Unternehmensberichte aus den USA
- PNC Financial (PNC): Großes Regionalbank (Pennsylvania). Veröffentlicht Ergebnisse für das 4. Quartal 2025: Hauptaugenmerk liegt auf dem Wachstum der(Zins-)Marge und der Qualität des Kreditportfolios vor dem Hintergrund erhöhter Zinssätze.
- Regions Financial (RF): Eine der führenden Banken im Süden der USA (Alabama). Der Bericht wird die Auswirkungen der Makroökonomie auf die Einlagenzinsen und das Kreditvolumen in der regionalen Wirtschaft zeigen.
- State Street (STT): Ein großer Anbieter von Verwahrstellen und Vermögensverwaltung (mit Sitz in Boston). Die Ergebnisse spiegeln den Zustand der globalen Aktienmärkte und das Volumen der Investitionen in Investmentfonds wider.

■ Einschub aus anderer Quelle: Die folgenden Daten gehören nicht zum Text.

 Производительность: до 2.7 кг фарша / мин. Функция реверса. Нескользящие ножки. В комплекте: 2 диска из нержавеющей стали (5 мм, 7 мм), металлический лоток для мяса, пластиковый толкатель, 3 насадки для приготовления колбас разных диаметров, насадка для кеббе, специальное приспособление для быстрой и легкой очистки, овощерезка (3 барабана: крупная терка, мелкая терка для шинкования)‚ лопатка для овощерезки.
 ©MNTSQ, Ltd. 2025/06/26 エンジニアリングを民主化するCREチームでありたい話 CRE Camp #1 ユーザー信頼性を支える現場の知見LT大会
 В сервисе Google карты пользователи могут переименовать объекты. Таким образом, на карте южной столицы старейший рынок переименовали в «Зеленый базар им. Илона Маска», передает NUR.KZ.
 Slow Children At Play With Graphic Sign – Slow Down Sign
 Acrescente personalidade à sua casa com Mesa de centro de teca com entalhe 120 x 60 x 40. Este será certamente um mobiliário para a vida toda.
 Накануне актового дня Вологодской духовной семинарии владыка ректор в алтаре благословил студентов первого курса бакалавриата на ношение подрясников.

- M&T Bank (MTB): Regionalbank (New York), die sich auf Privat- und Geschäftskunden konzentriert. Wichtige Kennzahlen sind die Dynamik der Margen und die Rückstellungen für faule Kredite.
Unternehmensberichte aus Europa und Asien
In Frankfurt und London sind für den 16. Januar keine bedeutenden Finanzveröffentlichungen großer Unternehmen geplant. Analysten erwarten den Beginn der europäischen Berichtssaison später im Januar – hauptsächlich von Banken und Herstellern. In Asien schließt die Woche mit einer sanften Erholung der Liquidität nach den staatlichen Feiertagen: In Japan und China ist der Markt am Freitag geöffnet, aber bedeutende Ankündigungen von Komponenten des Nikkei 225 oder des Shanghai Composite stehen nicht an. Die nächste Woche könnte die ersten Berichte asiatischer Giganten bringen, jedoch konzentrieren sich die globalen Investoren heute auf den Bankensektor in den USA.

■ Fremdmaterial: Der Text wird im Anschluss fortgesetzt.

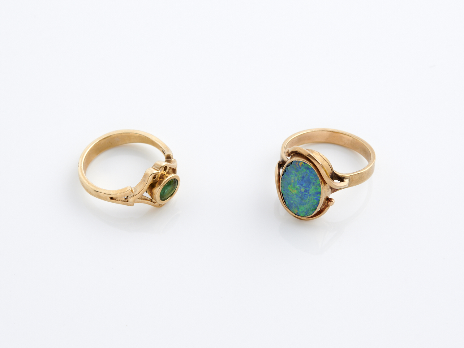 AN OPAL DOUBLET RING IN 9CT GOLD, ALONG WITH A GEM SET RING IN 9CT GOLD, SIZES K AND L-M, 6.5GMS
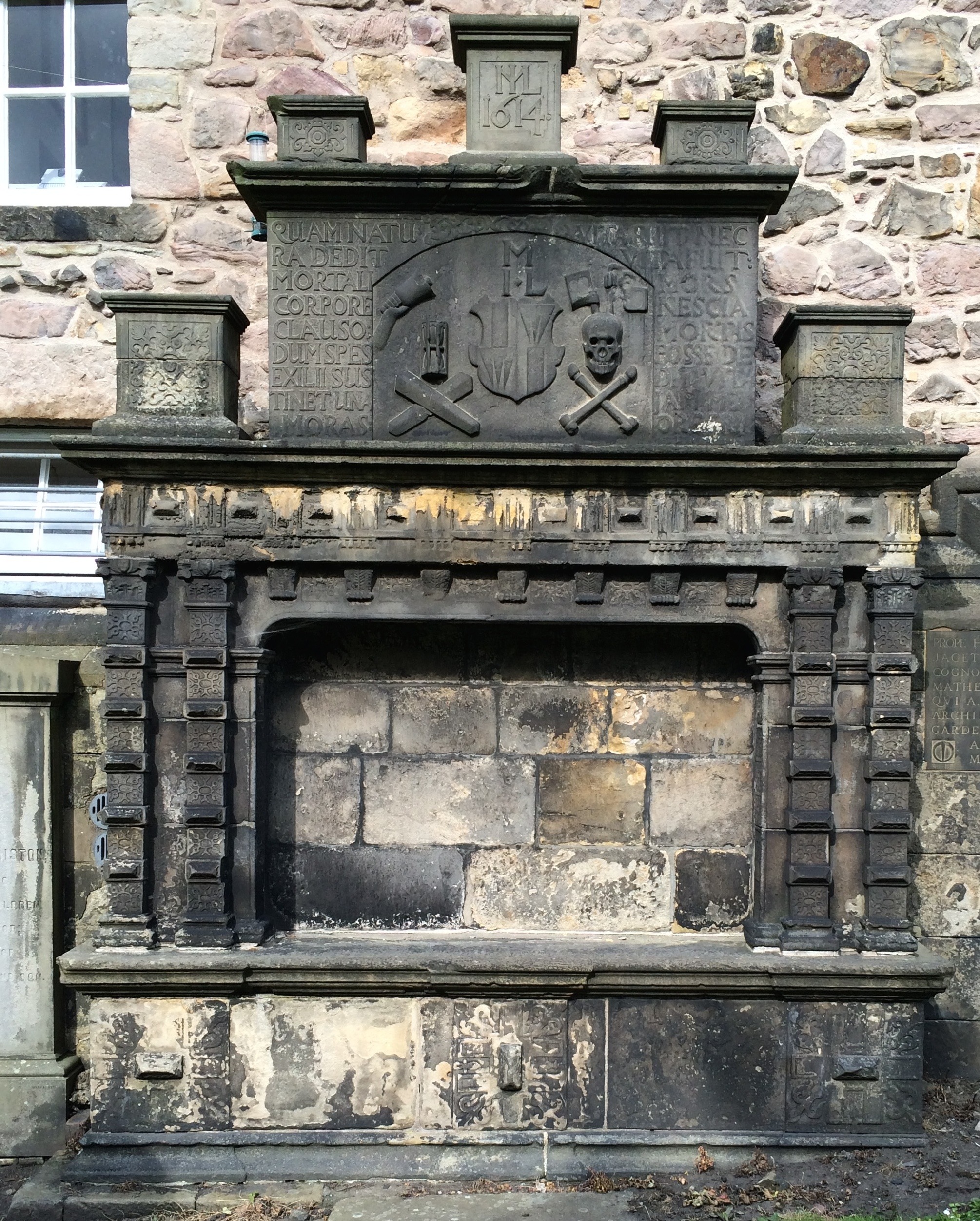 Both monuments are similar in size, shape, and design – representing altar tables with modest, sculpted reredoses – and they both date to roughly the same time period, namely the 1610s, during the reign of King James VI and I. In addition to their similar overall appearances, the two monuments, affixed to the kirkyard’s eastern wall (by Candlemaker Row), also have in common that they exhibit – in a comparable arrangement – short Latin epigrams.
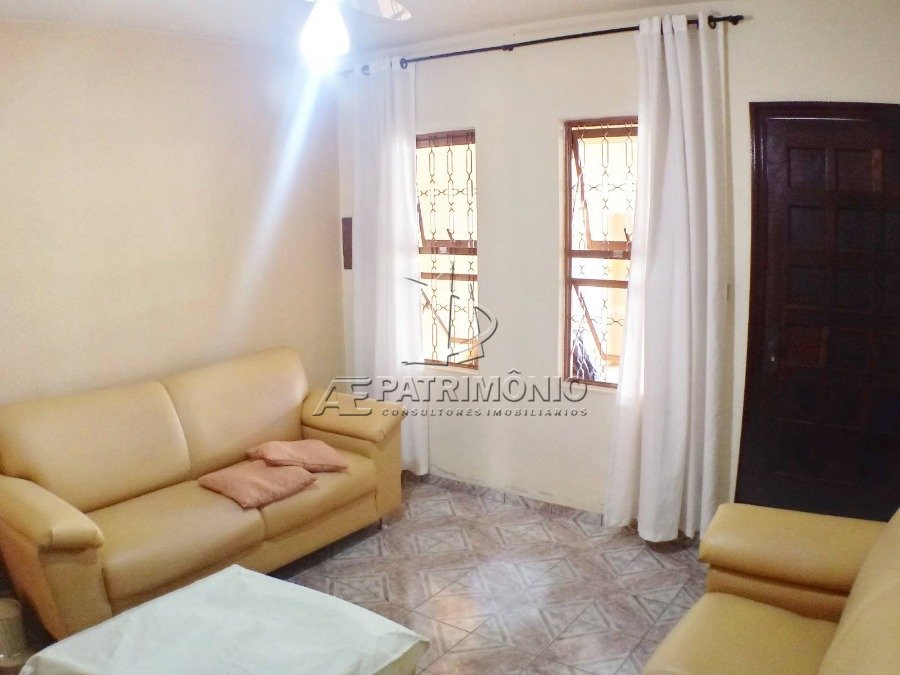 Sobrado com sala de estar, copa cozinha, 2 banheiros sociais, 2 dormitórios, área de serviço e 2 garagens cobertas.
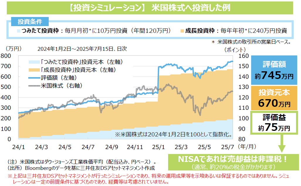 2024年1⽉に「⽇本株式」、「⽶国株式」へそれぞれ投資を始めたと仮定してシミュレーションをしてみると、⽇本、⽶国ともに株式市場が下落する局⾯もありましたが、評価益が出ています(2025年7⽉15⽇現在)。
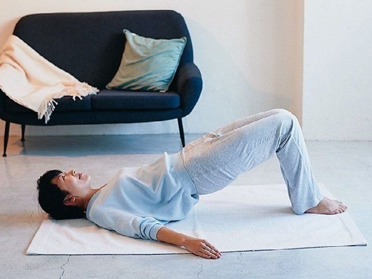 入浴前に、骨盤を締めるストレッチやスクワットを。「『毎日やらなきゃ!』と、プレッシャーをかけるとストレスに。〝自分を大事にする時間〞だと思って、ゆる~く続けています」。
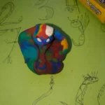 1. Zacznij od dużej kulki z **pomarańczowej** plasteliny – to będzie tułów i głowa liska razem. Lekko spłaszcz ją z dołu, żeby lepiej siedział. Z przodu delikatnie wyciągnij pyszczek – nie za długi, taki trochę zaokrąglony. Z tyłu zostaw grubszy kawałek na ogon – będzie zawinięty do przodu.
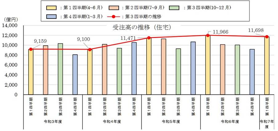 住宅関連工事については1兆1,698億円の受注となり、前年同期比で2.2%の減少となりました。減少幅は比較的小幅にとどまっており、市場の安定性が確認されています。
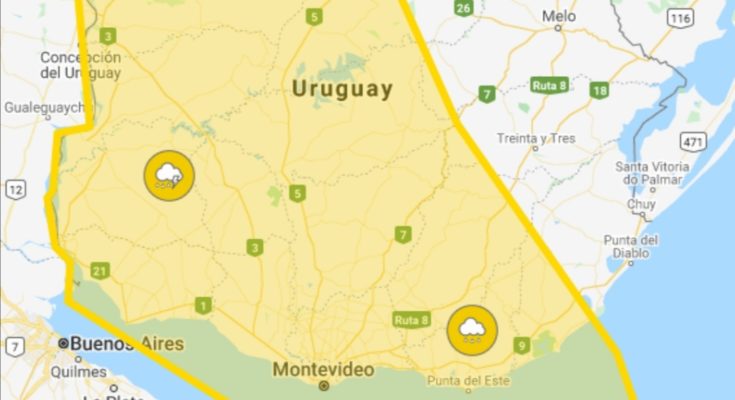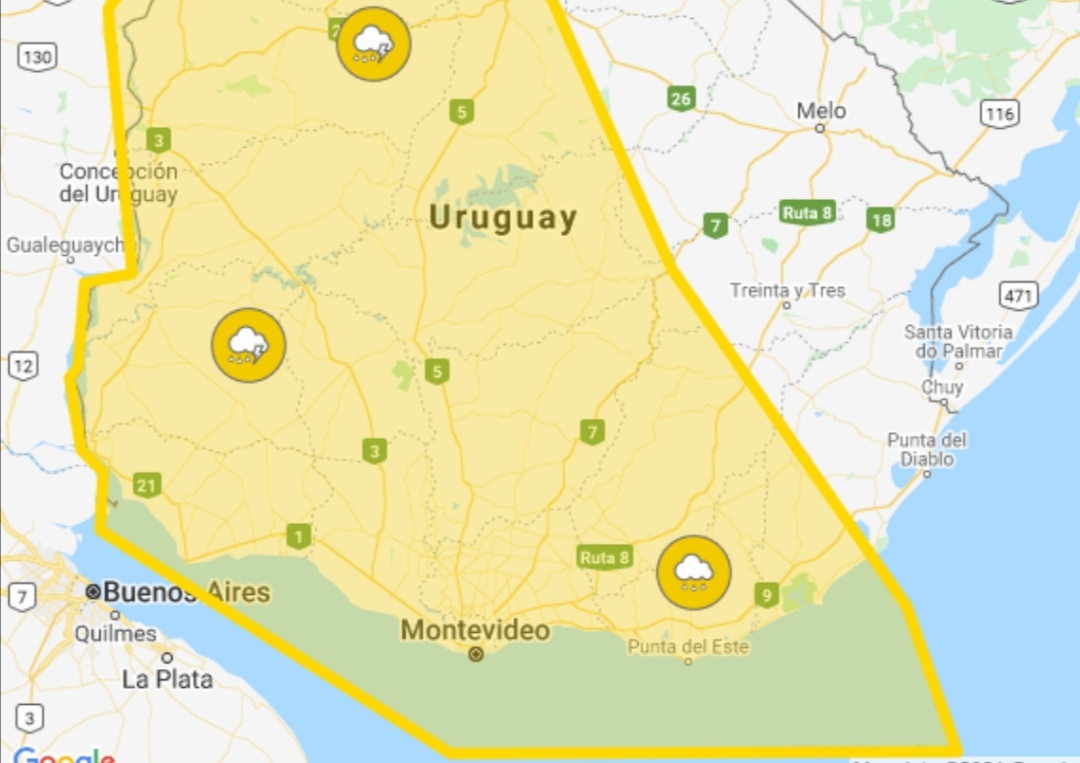 Descripción: Frente frío ingresa al país generando lluvias y tormentas, algunas puntualmente fuertes. Cabe destacar que en zonas de tormentas se podrán registrar lluvias intensas en cortos períodos, ocasional caída de granizo, intensa actividad eléctrica y rachas de viento fuertes. Se continuará monitoreando la situación y se informará ante eventuales cambios.

Russische Unternehmen: Operative Ergebnisse
- Aeroflot (AFLT): Die nationale Fluggesellschaft veröffentlichte operative Daten für Dezember. Im vergangenen Monat stiegen die internationalen Flüge (~+9% J/J Passagierumsatz), während der Binnenmarkt zurückging (~-3%). Für 2025 betrug der Passagierdurchsatz der Gruppe etwa 55,3 Millionen Personen, fast auf dem Niveau des Vorjahres. Dies deutet auf eine Erholung der internationalen Ziele bei moderater Inlandsnachfrage hin.

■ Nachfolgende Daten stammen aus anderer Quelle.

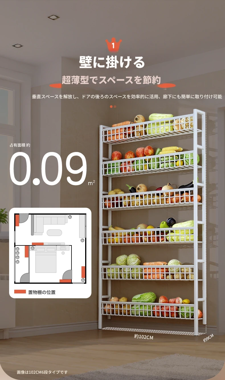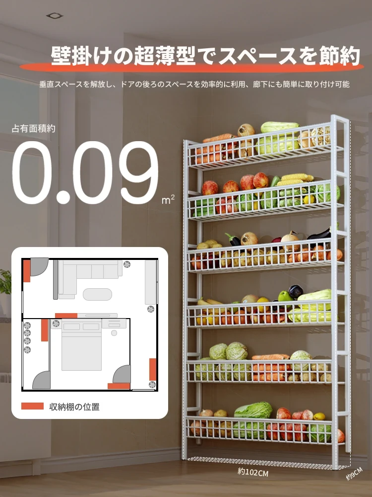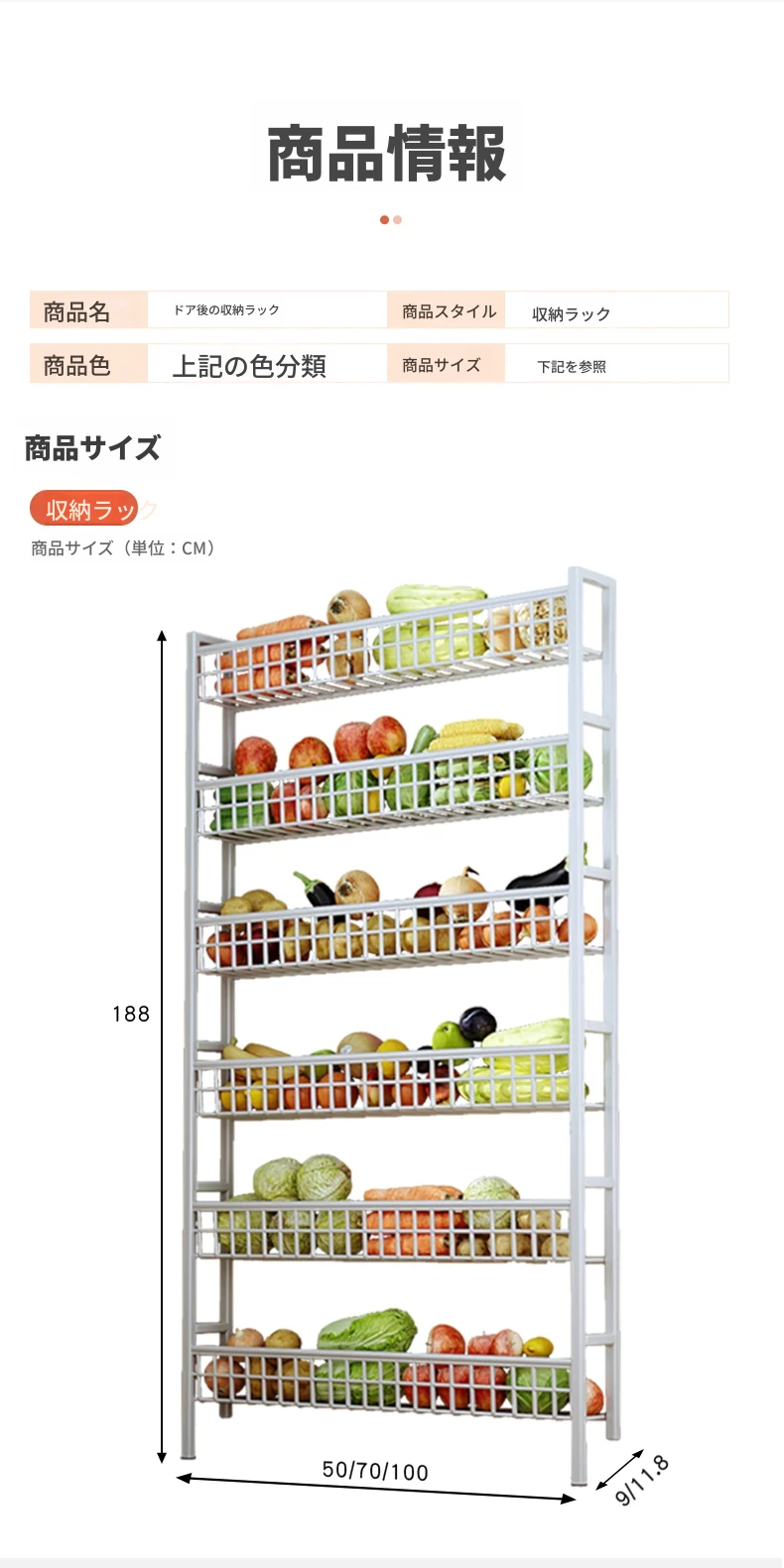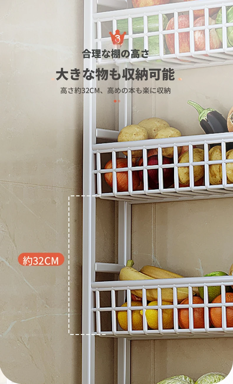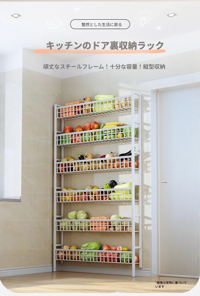 ドア後収納ラック フロアスタンド金属ラックキッチン用多層収納棚 壁掛けスリムキャビネット 家庭用雑貨ストレージラックで、空間を有効活用!整理整頓も簡単に。

- Große russische börsennotierte Emittenten (aus den Sektoren Öl, Gas, Finanzen) veröffentlichen am 16. Januar keine Berichte. Es wird erwartet, dass die Berichte von Sberbank, Gazprom und anderen MOEX-Führern bis Ende Januar oder Februar veröffentlicht werden. Derweil beeinflussen externe Faktoren (Ölpreise, Dollar) die Dynamik der rubel-denominierenden Vermögenswerte.
Hinweise für Investoren
- Das Verhältnis von Inflation und Zinssatz. Die US-Daten zur Industrieproduktion werden ein zusätzliches Signal für die Richtung der Fed-Politik geben: Ein Anstieg der Produktion könnte die Strenge der Geldpolitik erhöhen, während schwache Zahlen einen sanfteren Kurs nahelegen.
- Russischer CPI und Rubel. Sollte das jährliche Wachstum der russischen Inflation die Erwartungen übertreffen, könnte dies den Rubel schwächen und eine Verzögerung beim Rückgang des Leitzinses erfordern. Die nationale Währung reagiert auf saisonale Effekte im Preisgeschehen.
- Öl und Rohstoffe. Der Baker Hughes-Bericht könnte die Erwartungen an die Ölversorgung anpassen. Ein Rückgang der Bohranlagen deutet auf eine Hemmung der Produktion hin, was perspektivisch Brent unterstützt. Investoren sollten die Dynamik von WTI und Rohstoffen beobachten.
- Der Unternehmenssektor. Die Ergebnisse der US-Banken (PNC, RF, STT, MTB) werden den Ton im Finanzsektor angeben. Erfolgreiche Berichte könnten die Bankaktien nach oben treiben, während Probleme Verkäufe auslösen können. Aufmerksamkeit auf die Kreditportfolios und Zinsmargen.